We have reached, I would suppose, a period of complacency in the perception of the coming of Peak Oil. We are in a period where, as recent posts have shown, the promises of bountiful supply are built on increasingly tenuous propositions. Unfortunately, the evolving story of the mess that we are heading into is at a point where the critical aspects of the problem rate minor paragraphs in articles that largely talk about something else. And the potential of the fossil fuels that lie within shale have commentators drooling over the benefits that will come from this abundant resource. Unfortunately, within this euphoria there are sufficient concerns that need airing, since overall, the situation has not changed that much since the Hirsch Report was published, just over eight years ago.
The major Russian current development is taking place in the Yamal Peninsula, where the Bovanenkovo field, which came on stream last October had been projected to yield 4 Tcf by 2017, increasing 5 Tcf in the out years. Other adjacent fields, Kharasaveyskoye, Kruzensternskoye, Tambey and Nonoportskoye, were scheduled to follow in order to meet anticipated demand.
But those plans are now being scaled back. Russia has already lost some of their Chinese natural gas market to Turkmenistan, and now it can see that the US might take some of the European market. It cost $41 billion to develop Bovanenkovo, which made it “one of the most expensive industrial projects in the world.” Gazprom is cutting production by around 83% of capacity this year, and expects it may have to go lower. The natural follow-on to this will be a slowing of investment and development in Yamal, which also produces oil.

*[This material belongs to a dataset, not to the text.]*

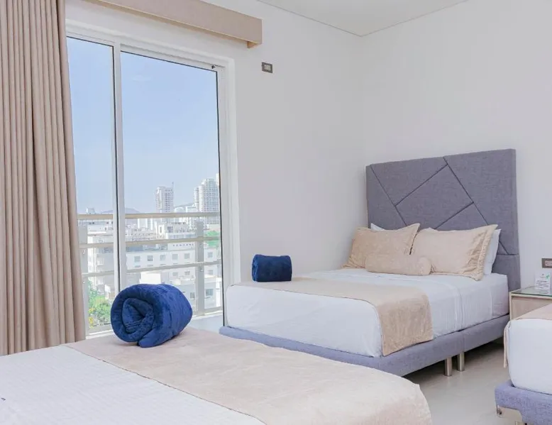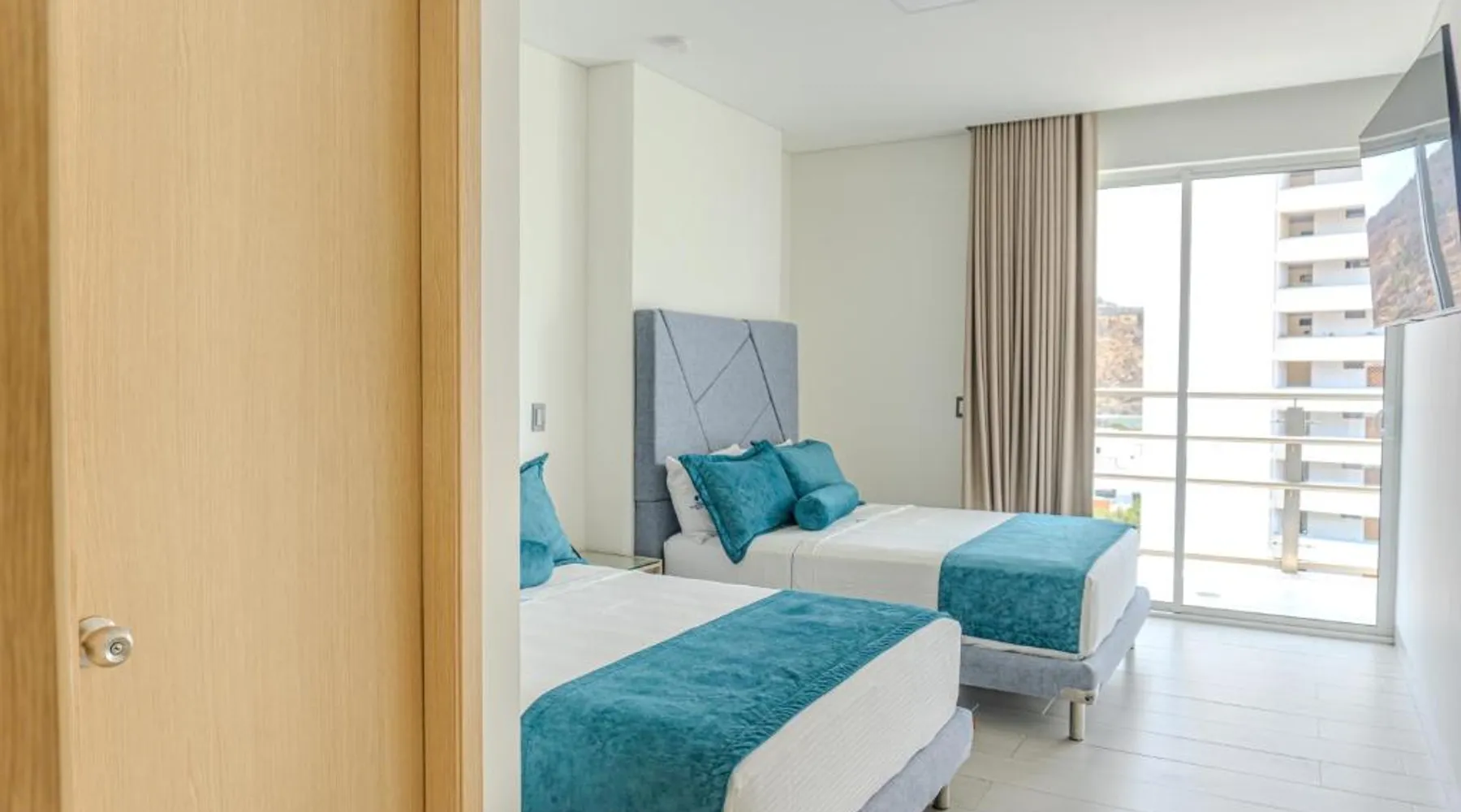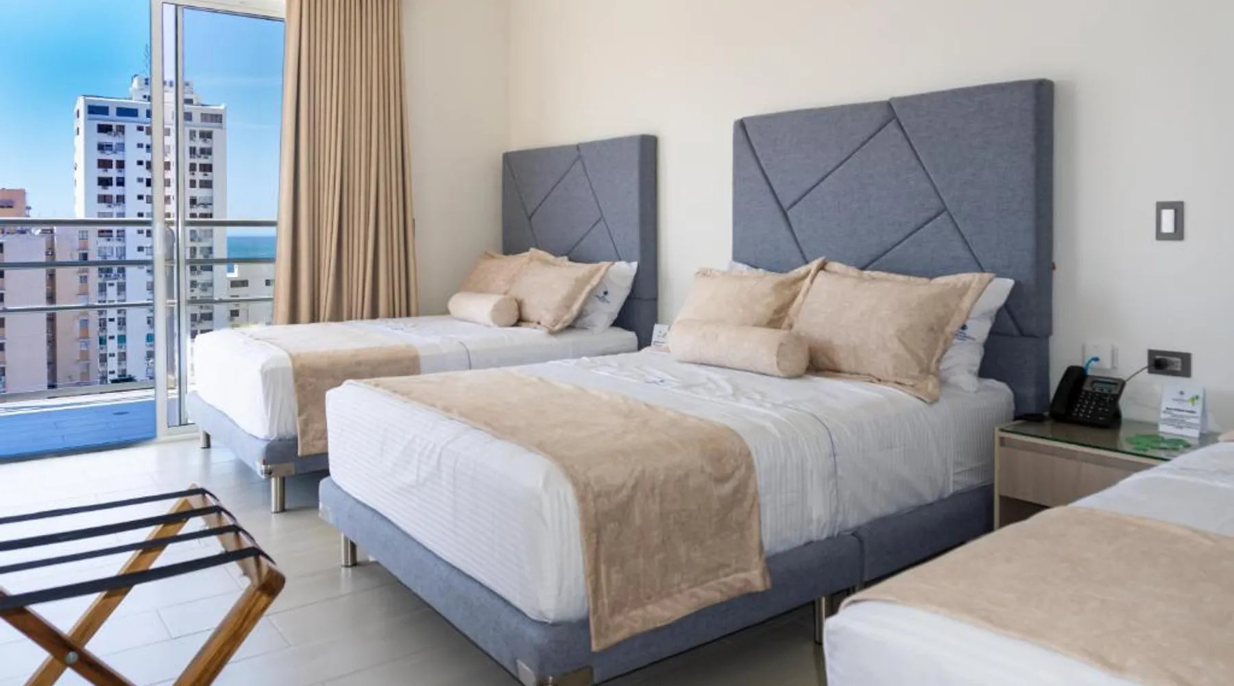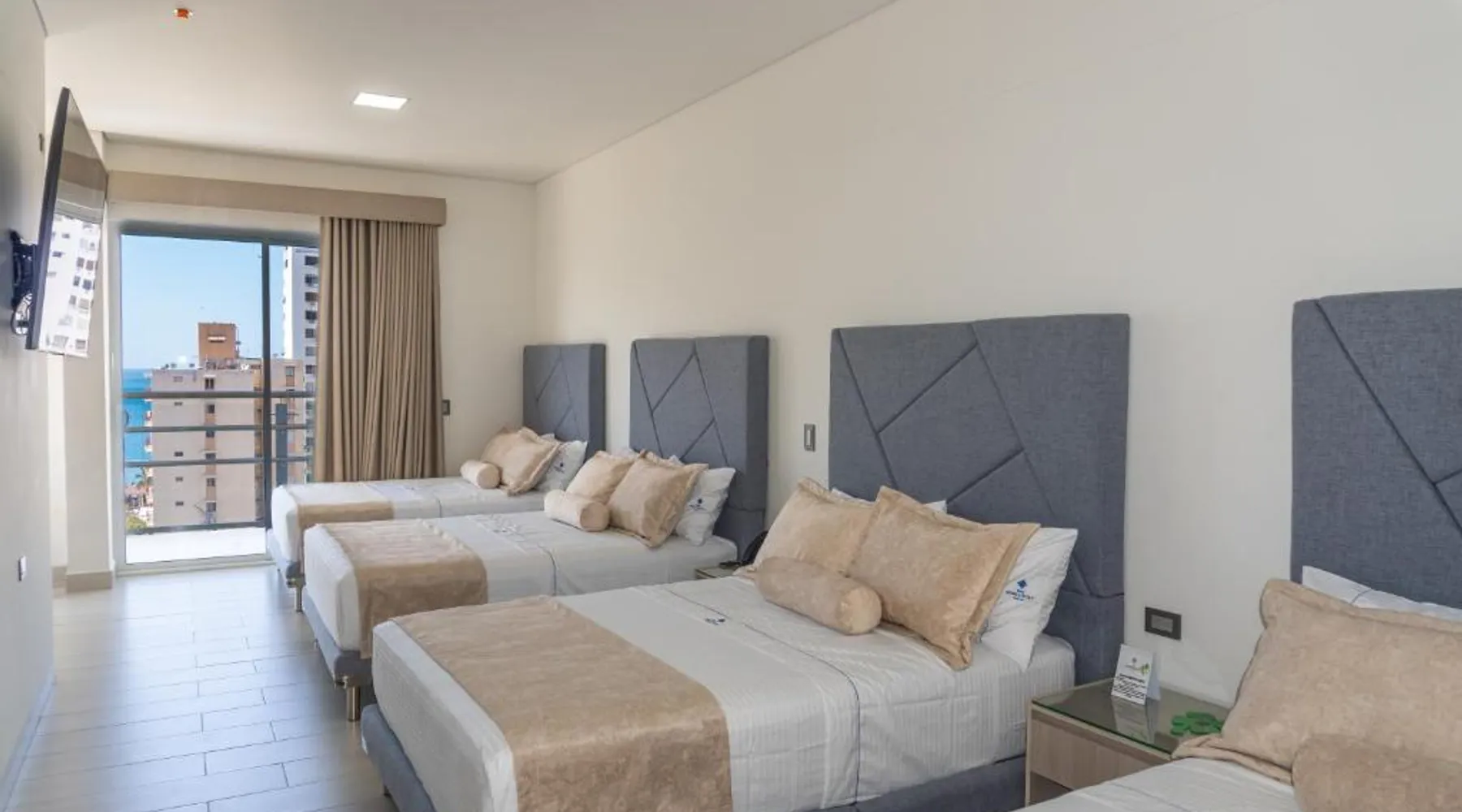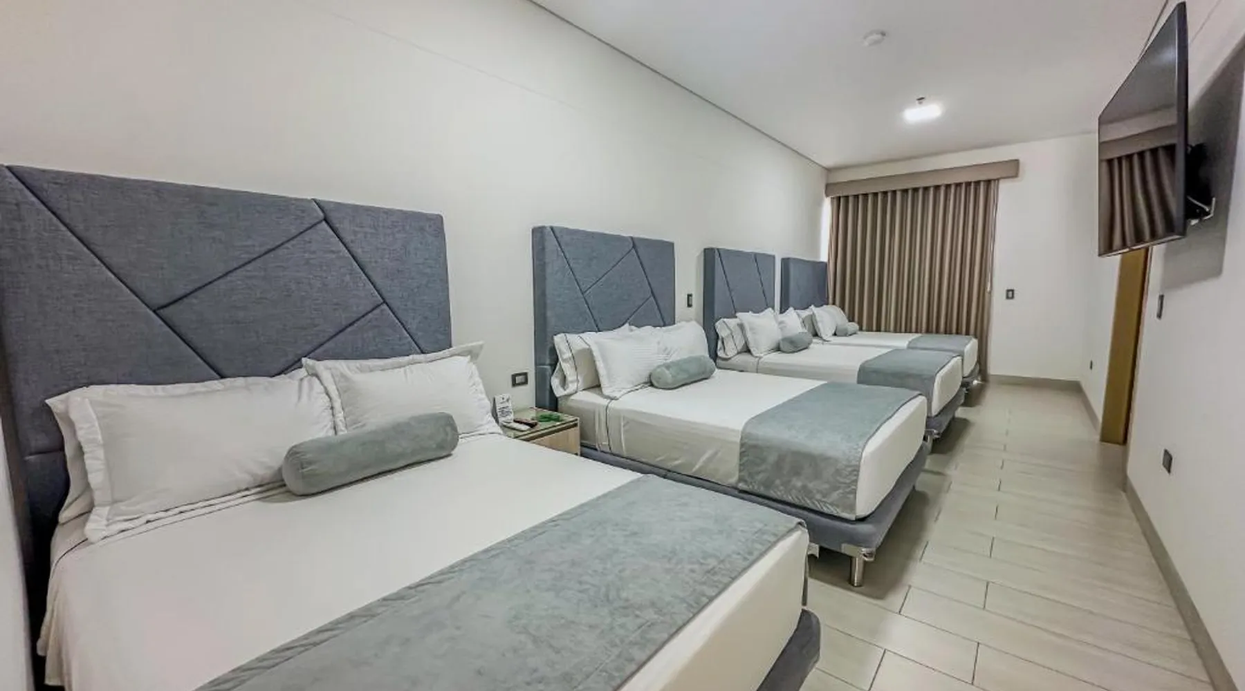 Comfortable Accommodations: Hotel Marco Polo Rodadero in Santa Marta offers family rooms with air-conditioning, private bathrooms, balconies, and free WiFi. Each room includes a TV, hairdryer, and free toiletries. Convenient Facilities: Guests enjoy a casino, 24-hour front desk, daily housekeeping, full-day security, and a tour desk. The hotel provides an American breakfast and a tour desk to explore nearby attractions. Prime Location: Located 6.2 mi from Simón Bolívar International Airport, the hotel is a 2-minute walk from El Rodadero Beach. Nearby attractions include Rodadero Sea Aquarium and Museum (1.3 mi) and Santa Marta Cathedral (3.1 mi). Guest Satisfaction: Highly rated for room cleanliness, convenient location, and room comfort. Featuring free toiletries, this twin room includes a private bathroom with a shower and a hairdryer. This twin room features air conditioning, a flat-screen TV and a balcony. The unit has 2 beds.

My concern is that in the current Western euphoria, if all the current plans and projections for alternative supplies and conservation fail, those who must invest to build the alternative infrastructure that will provide sufficient fuel will not be motivated to make those investments in a timely manner. If they do not, or have not, then we will still need the 20-years that Robert Hirsch and his committee projected, when we run out of that time. (That clock is ticking). Unfortunately, those whosing this song, like Cassandra, are less likely to be heard in this interval.